Which one is larger: an atomic mass unit based on the current standard or one based on the mass of a Be-9 atom?

Answer

It is easy enough to look up the weights of $\ce{^{12}C}$ (12.00000000...) and $\ce{^9Be}$ (9.0121822) based on $\ce{^{12}C}$ scale and make a decision from that data. Thus a mass scale based on $\ce{^9Be} =9.00...$ would be heavier than an mass scale based on $\ce{^{12}C} = 12.00...$.

"Justification"

The OP has asserted that the problem is not supposed to be just a "lookup problem" but that some reasoning should be offered.

I content that the question simply asks which is larger. It doesn't ask why. Furthermore I'd assert that there isn't any "simple" reasoning by which the problem can be analyzed other than lookup.

Neutron to proton ratio reasoning

In his answer QuarkyLittleThing's reasoned that a neutron is heavier than a proton and since $\ce{^9Be}$ has a higher neutron to proton ratio (5:4) than $\ce{^{12}C}$ (6:6), it ought to be heavier.

Using the neutron to proton ratio reasoning, $\ce{^9B}$ only has 4 neutrons but 5 protons, so a $\ce{^9B}$ scale should be lighter than the $\ce{^{12}C}$ scale. But the mass of $\ce{^9B}$ is 9.0133288 u, so the neuron to proton ratio isn't entirely sound, and a mass scale based on $\ce{^9B} =9.00...$ would in fact be heavier than a mass scale based on $\ce{^{12}C} = 12.00...$.

Lower nuclear binding energy reasoning

Mithoron's made a comment on QuarkyLittleThing's answer asserting that the reason was "lower nuclear binding energy."
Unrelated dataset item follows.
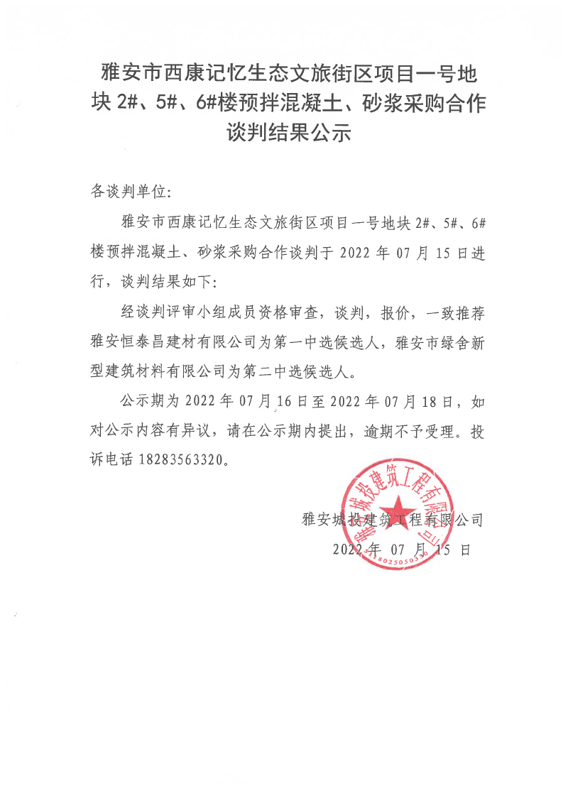 雅安市西康記憶生態(tài)文旅街區(qū)項目一號地塊2#、5#、6#樓預拌混凝土、砂漿采購合作談判結果公示
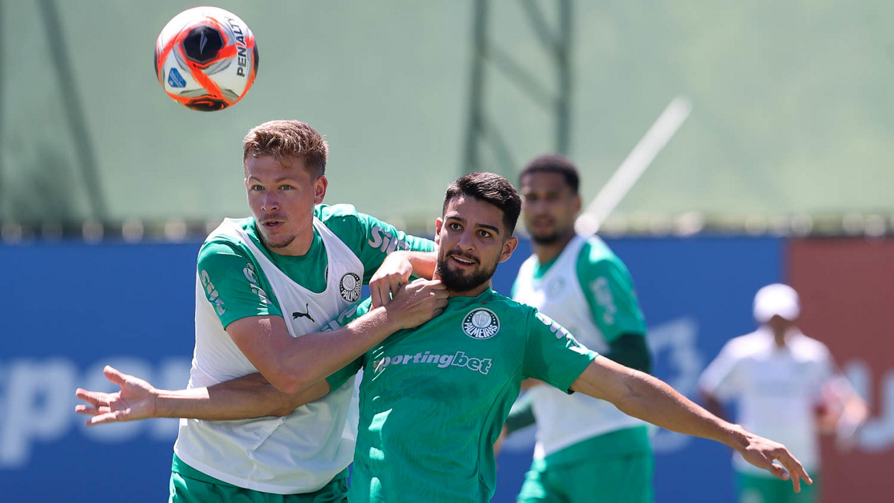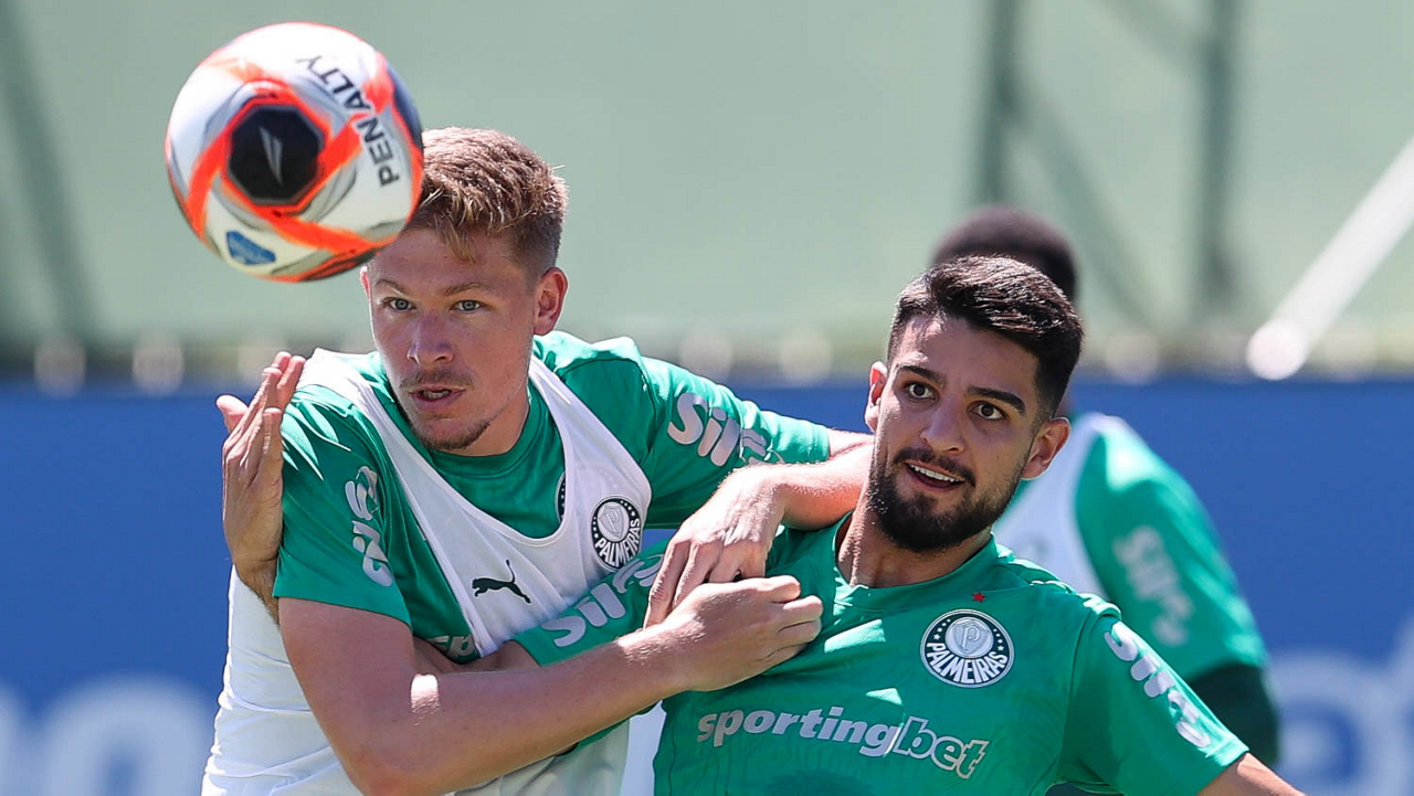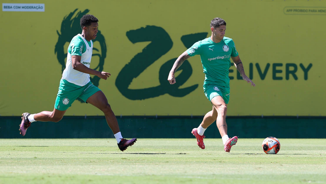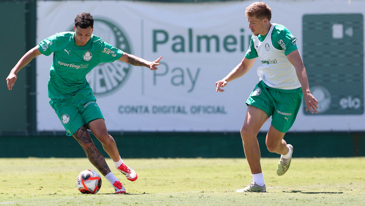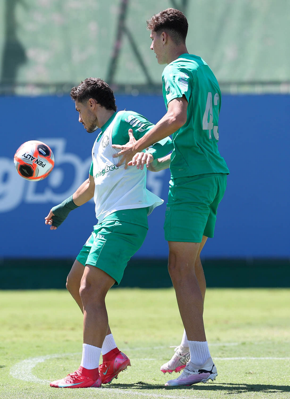 Raphael Veiga e Benedetti (D), da SE Palmeiras, durante treinamento, na Academia de Futebol. (Foto: Cesar Greco/Palmeiras/by Canon)

To properly analyze Mithoron's comment one must note that the nuclear binding energy is based on the energy differences of the actual fission/fusion of nuclei. Thus as NicolauSakerNeto pointed out on an earlier version of this answer, this is really not a "reason", but a tautology due to $\text{E}=mc^2$. So a decrease in the mass of the nucleus is proportional to an increase in the nuclear binding energy for that nucleus.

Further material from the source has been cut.